If Robert had found the door locked against him and his portmanteau thrown into the corridor, he would have taken it for a good sign, picked up his clothes and found a random stranger willing to share for sixpence. But the door swung open at his touch.

He edged forward gingerly, expecting the chamber pot to be thrown in his face or to confront the business end of a cocked pistol. Instead he found Hal sitting on the bed, a coatless shoulder wedged into the far corner of the room.

Cheek pressed against the wall, Hal gazed out of the small dormer window over the rooftops of the town, his legs drawn in tight, arms around his knees. He turned his head no more than an inch to look at Robert and say softly, heavily, “You bastard.”

Nerved up to meet anger, Robert shivered at the tone of despair. Had he pushed the knife in too far? “I’m sorry,” he said, “but you needed to know.”

“I needed to be publicly humiliated? I needed…I needed my heart broken? Yes, of course I did. How altruistic of you. For I’m sure you did it entirely for my good, and not for your own. Is that rum?”

Robert looked at the forgotten bottle, startled to find it dangling from his fingers. “Yes. Here,” he said, and passed it over.

Hal downed half of it in one draught, drinking it like water. He turned back to face the window, dismissing Robert from his notice. A strained and desolate silence filled the small room. Pulling off his own coat with movements that sounded excruciatingly loud, Robert wondered if he dared try to ask for the bottle back, decided he did not.

He untied the bow of his cravat with a scratchy, hissing noise and unwound it. The leather soles of his shoes squeaked when he shifted his weight to take them off. They landed beside the washstand with matching raps loud as gunfire. While he struggled with the breeches’ buckles—who would have thought that they too squeaked like little mice?—the humour of the situation struck him unexpectedly.

I spoke though I might have done better to refrain.
Little point in coyness now.

So he sighed, stripped off his breeches and stockings, leaving them in a heap that he kicked into the dust under the bed. Flicking the faded yellow coverlet down, he was pleased to find clean sheets and a scent of hay from a mattress newly filled for market day. When he wriggled in, he thought he detected a slight movement of Hal’s head, as if Hal watched him, brooding. At the thought, Robert grew acutely aware of where the other man sat—the shape of his weight on the mattress.
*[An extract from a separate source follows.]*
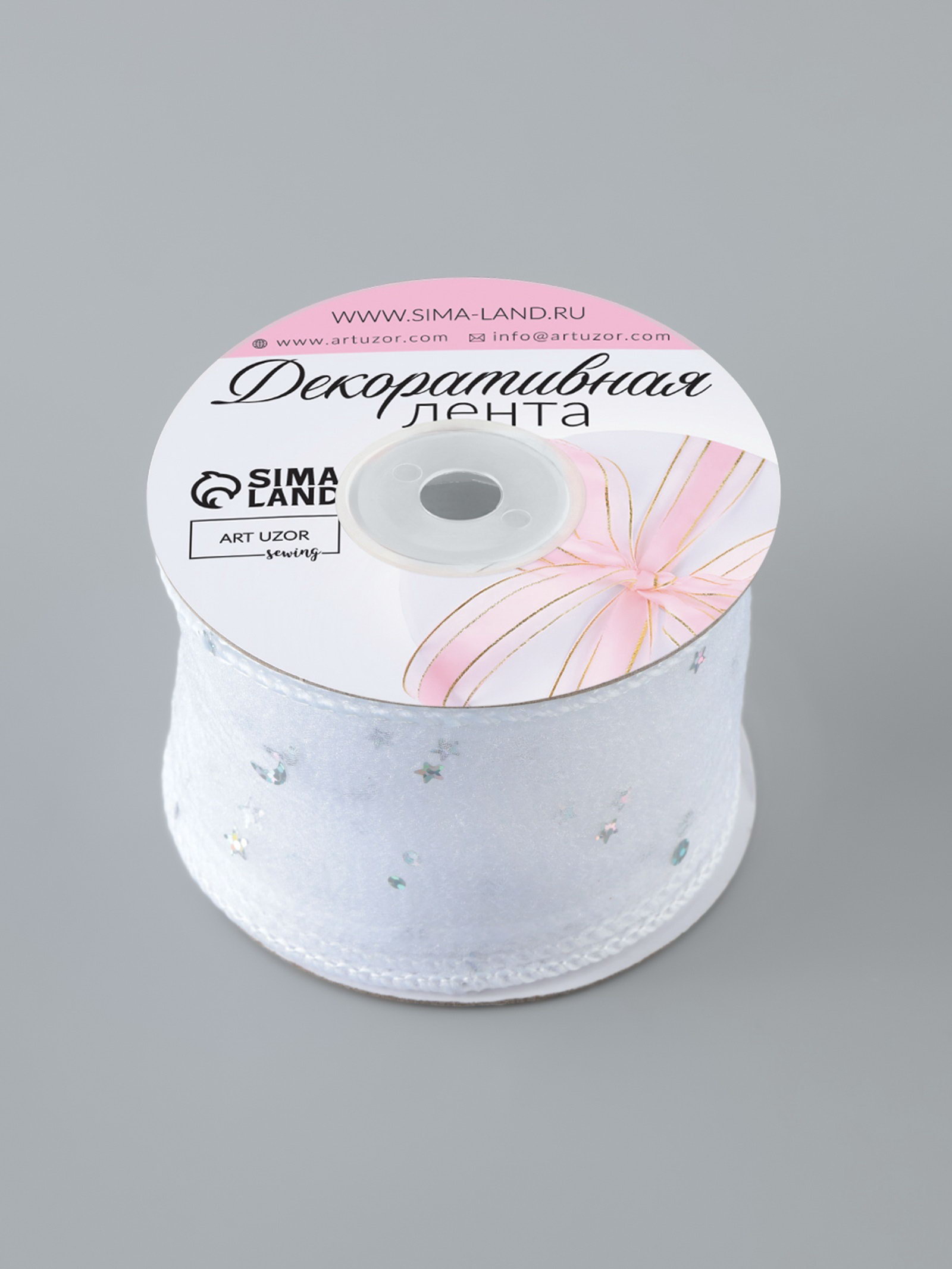 Лента капроновая "Волна", с блёстками, 50 мм, 9+-1 м, белая, 9.5x9.5x5 см., Арт Узор, Китай

Would he sit there all night, fully clothed, honing his resentment and getting more and more murderously drunk?

“Morgan,” he murmured, reaching out and touching one unresponsive ankle. “I did do it for you. You heard what Hamilton said. He will never love you. I do. But even if you won’t have me, you deserve someone who will make you happy. And it’ll never be him.”

“Shut up, Hughes.”

“It could be me.”

“Just shut the fuck up.”

* * *

Robert was drifting, in languorous warmth, in the twilight state between waking and sleep when the bed dipped and a blast of cooler air hit his overheated back. A body insinuated itself into his solitary darkness. In the borderlands of dream, he turned to meet it with confident welcome. His outstretched hand touched Hal’s chest, feeling thin linen and warm skin beneath it. After that, nothing would have stopped him from drawing closer.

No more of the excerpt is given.